Big data 101 and Importance of Automation

Among all the online conferences, Automation Guild is the best automation conference I happily attend, this year was a pleasure to speak at it again. If you are in automation, I think this is a must attend conference. In this post I’ll give a brief overview of my talk at the conference.

The subject of big data is exciting, but I’ve felt there is a general lack of testing maturity in the space. I guess since the industry itself is comparatively new and is evolving. The walk was to share some basics about big data and how testing & automation works in this field.

About big data

The evolution into big data has been fueled by technologies which have made processing lots of data at high speeds easy, and most importantly the ability to react to the insights very quickly. We discussed all these factors quickly, summarized in this image:

What are big data projects all about

The objective of big data projects is to gather insights / analytics to understand and solve problems. For that to happen, data from few or many sources may be needed to run analytics on. Now acquiring the data is usually not a big problem, to get it into a structure where it all makes sense collectively – is the challenge.

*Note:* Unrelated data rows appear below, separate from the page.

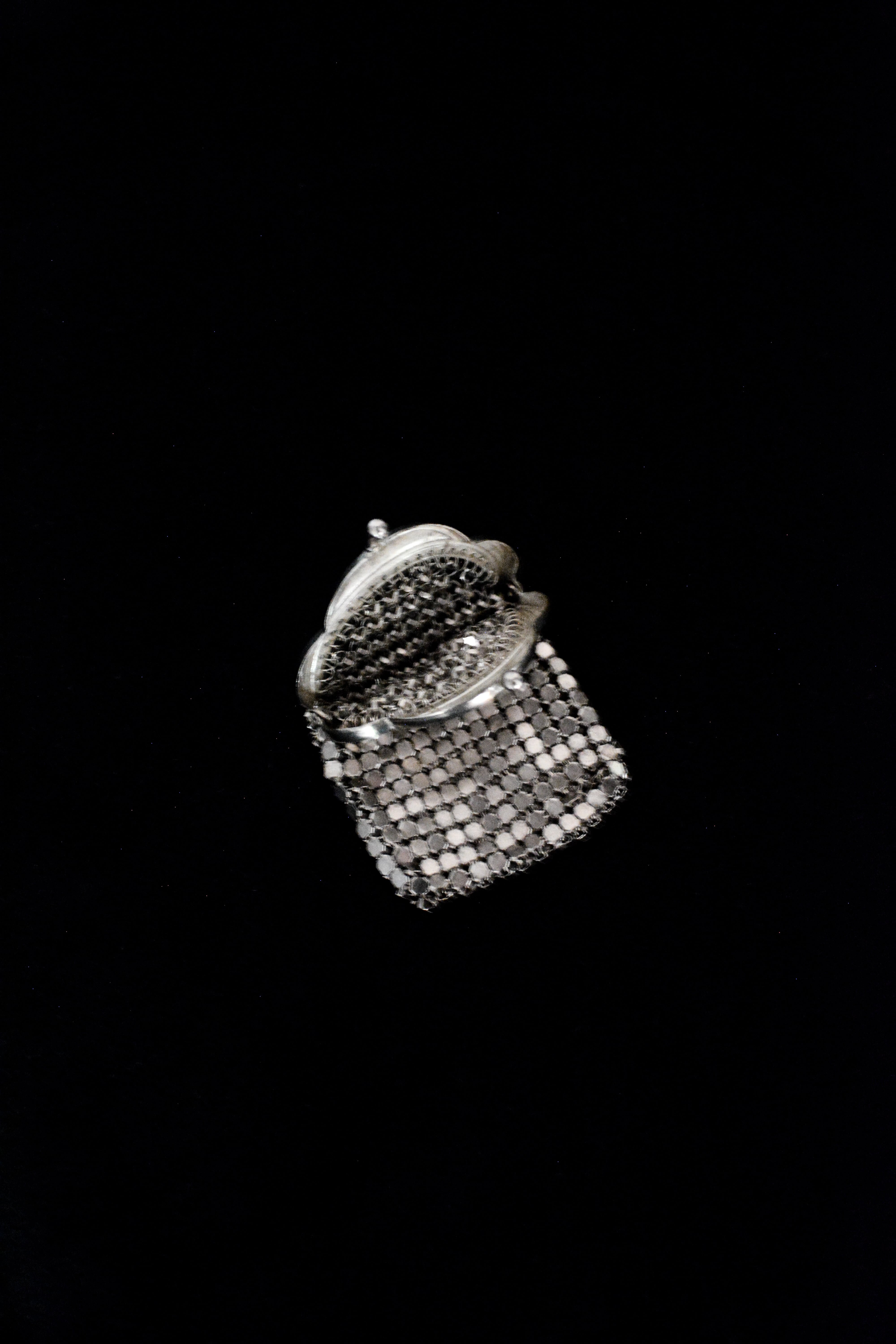 細やかな金属の網目が連なり、光を受けて静かにきらめく、ヴィンテージのメッシュコインケース。1900年代前半に流行したメタルメッシュの小物は、かつて女性たちの手元を飾った古き良き時代のアクセサリーだそう。時を経た金属の艶やわずかなくすみも、このパースが歩んできた時間を物語っていますね。バッグに忍ばせて持ち歩いたり、鏡台の上に置いてジュエリーボックスのように楽しんだり。飾るだけでも空間を華やかにしてくれる存在感です。小傷等ございますがヴィンテージとしては比較的綺麗な状態です。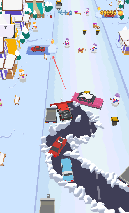 2、駕駛清障車在積雪路段行駛,通過移動清障車推開積雪,讓被困汽車擺脫阻礙,同時收集金幣。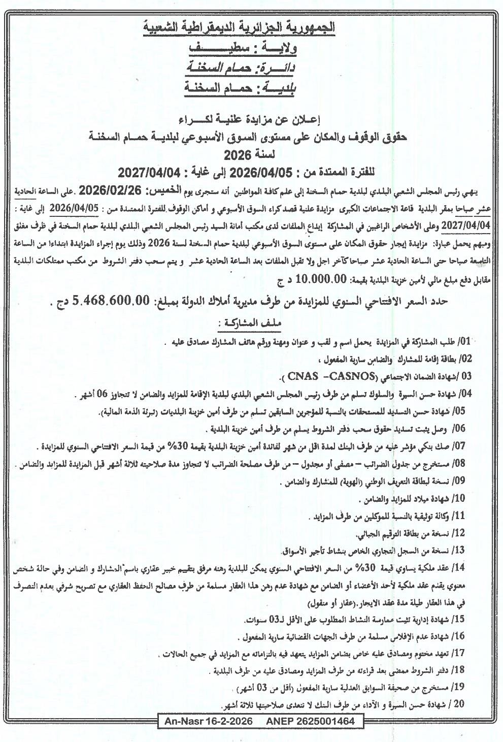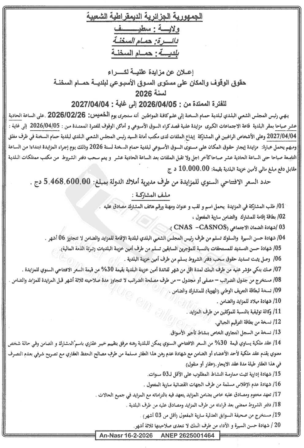 Montant de Retrait du Cahier des Charges : 10.000.00DA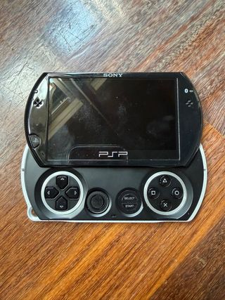 Consola portátil Sony PSP Go en color negro. Un dispositivo compacto y versátil para llevar tus juegos contigo. -con cargador y se puede conectar a la TV - Diseño deslizante. - Pantalla de alta calidad. - Controles intuitivos.

That’s where the concept of a data pipeline comes in. The data is passed through different stages of ‘transformation’ / ETL (Extract, transform, load) to make it more usable for our problem at hand.

Testing in Big data

Like Web applications have some standard tests that happen, similarly in big data there are some tests which are common. However, they are nothing like the ones we do for web applications.

In data projects, all we are dealing with is ‘data’, data in and data out. The challenge is transforming the data as expected and building models which actually solve our problems. Therefore, most testing in this industry revolves around ‘Data Quality’.

Within the three stages of the data pipeline, there can be many ETL activities happening within. For each ETL, deciding what type of data quality checks are needed is important. In the talk we walked through a basic process of how to determine that.

Automating tests

Because of the kind of tests we have in the big data space, automation also works quite differently. It’s more about fetching sets of data and checking if the right logic / business rules was applied. To perform these activities, some data platforms provide the capability of doing that easily, if not the technologies used to build these ETL flows are also then used to test them.

Talking about languages, Python is used widely because of it’s data processing capability. These scripts are used within workflows to do the required validations. The most common validation is checking of all data has been copied from point A to B. Sometimes while moving data from one space to another, files or records get missed, maybe they get truncated or other reasons. This is just one of the 6 quality dimensions.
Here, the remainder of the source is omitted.